Reasons why the “trans is a medical condition” narrative bugs me:

  • It implies that being cis is normal and that being trans is abnormal, or a defect.
  • It implies that transness is something to be cured, fixed, or endured, rather than a part of yourself to be proud of.
  • It implies that transness is defined by suffering or unhappiness, when in fact most of us are happier after we accept ourselves as trans, and many of us embrace it.
  • It implies that the main problem with being trans is transness itself, rather than living in a horribly transphobic society.
  • By treating transness as a private, individual issue instead of as a social phenomenon, it fails to hold transphobic people and transphobic culture accountable for why trans people suffer.
  • It implies that you need medical authorities and/or gatekeepers to verify that you’re actually trans, to “diagnose” you with it, and that you don’t have the right to identify as whatever is best for you. It takes power out of trans people’s hands and gives it to cis people.
  • It implies that cis people are better authorities on whether a person is trans, and what it means to be trans, than trans people are.
  • Requiring diagnosis/treatment from the medical establishment penalizes poor trans people, disabled or neurodivergent trans people, non-English-speaking trans people, and trans people of color.
  • It’s usually associated with the idea that you need body dysphoria to “prove” that you’re trans, which is exclusionary and harmful to a lot of trans people.
  • It’s connected to nasty ideas like “autogynephilia” which disproportionately pathologize trans women, police their identities, and make it harder for them to get support or transition.
  • It puts non-binary trans people in a difficult position, because the medical establishment has no idea how to deal with us, or transition routes besides FTM or MTF.
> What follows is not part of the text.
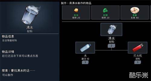 玩家需要准备沸水和冰块,如此即可制作和获取。注意,沸水通过水和打火机制作获得。

Now, I can definitely understand why gender dysphoria (especially body dysphoria) might be considered a medical condition. But even then, I think we should be cautious about how much of a person’s suffering we attribute to illness, and how much of it is caused by the society around them.

Also: It’s perfectly fine if you’re trans and you see your transness as a medical condition. If that model works for you, that’s great and I support that. I’m just saying that, when transness in general is conceptualized as a medical condition, or when that’s seen as the only way to be trans, it bothers me a lot.